Docker is your best bet for Bun in production. Serverless works too, but Docker gives you control and Bun's startup speed means containers boot fast anyway.

Multi-Stage Build That Actually Works

Here's a Dockerfile that I've used in production without major disasters. The key is Bun's compile feature that creates a single binary with everything bundled in:

## Build stage - this gets thrown away
FROM oven/bun:1.2.21-alpine AS builder
WORKDIR /app

## Copy lockfiles first for better Docker layer caching
COPY bun.lockb package.json ./
RUN bun install --frozen-lockfile

## Copy source and build standalone binary
COPY . .
RUN bun build --compile --minify ./src/index.ts --outfile server

## Production stage - tiny final image
FROM gcr.io/distroless/cc-debian12:nonroot
WORKDIR /app
COPY --from=builder /app/server ./
EXPOSE 3000
ENTRYPOINT ["./server"]

This gives you a ~50MB final image vs ~200MB+ if you just throw the full Bun runtime in there. Distroless images are nice because there's no shell or package manager for attackers to abuse.

Real-world gotcha: If you're using native modules (like database drivers), the compile step might fail. In that case, skip the compilation and use a normal runtime image:

FROM oven/bun:1.2.21-alpine
WORKDIR /app
COPY . .
RUN bun install --production
CMD ["bun", "run", "src/index.ts"]

Performance Reality Check

Containers start noticeably faster - usually 2-3x quicker than Node.js in my testing, sometimes way better if you're lucky. This actually matters for auto-scaling where containers spin up and down frequently.

Memory usage is generally better but YMMV. My API server uses somewhere around 30-50MB with Bun vs 50-80MB with Node.js for the same workload - depends on what your app is doing. JavaScriptCore's garbage collector seems less aggressive but I've still seen memory creep in long-running containers.

But: Don't expect miracles. If your app is I/O bound (database calls, external APIs), the runtime won't matter much.
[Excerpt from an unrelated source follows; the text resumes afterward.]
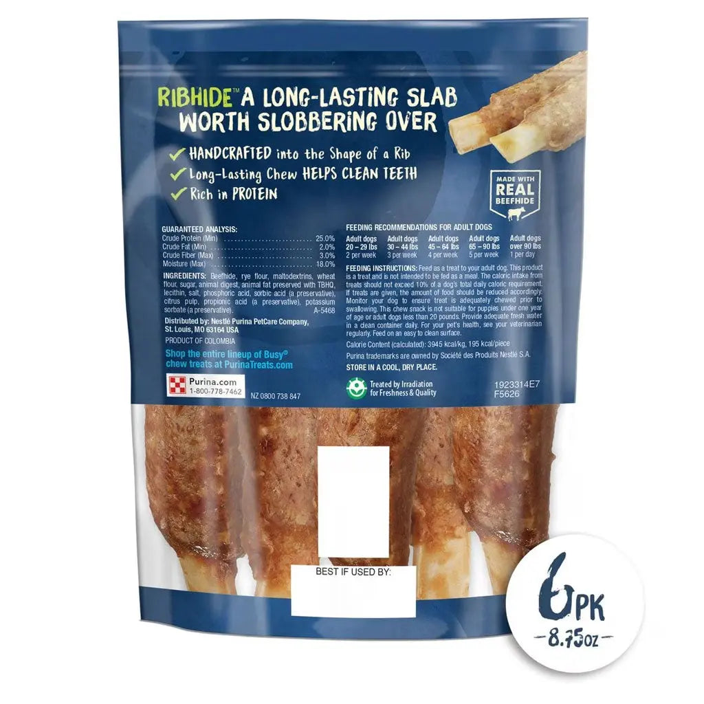 Busy Rib Hide Long-Lasting Beef Hide Chew Small/Medium Dog Treat, 6 count
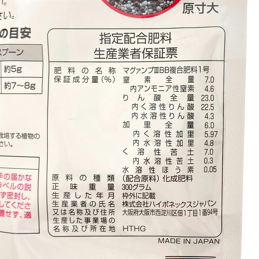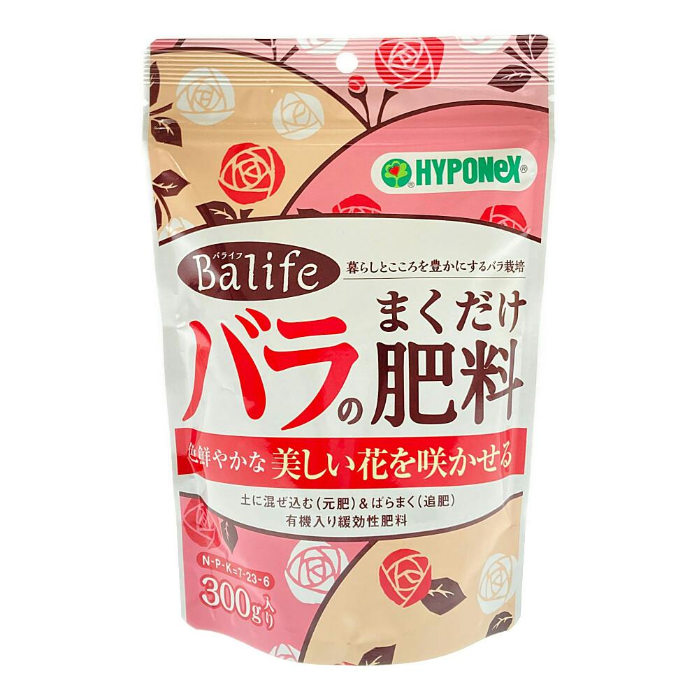 バラの生育に必要な成分をバランス良く配合し、さらに有機成分を配合した緩効性肥料です。魚粕類を主体とした有機成分を配合し、微量要素やアミノ酸を含み、花や葉を色つや良く仕上げる効果があります。

The speed benefits show up in CPU-intensive work and startup time.

Security Hardening (Don't Skip This)

Production containers need basic security:

  • Run as non-root: The distroless image does this automatically
  • No shell access: Can't docker exec into a distroless container (feature, not bug)
  • Resource limits: Always set memory/CPU limits in your orchestrator
  • Secrets via environment variables: Never embed API keys in the image
## Kubernetes example with resource limits
resources:
  requests:
    memory: "64Mi"
    cpu: "50m"
  limits:
    memory: "128Mi"
    cpu: "200m"

The compiled binary approach is nice because you don't have node_modules with 500 packages that might have vulnerabilities. Everything's baked into one executable.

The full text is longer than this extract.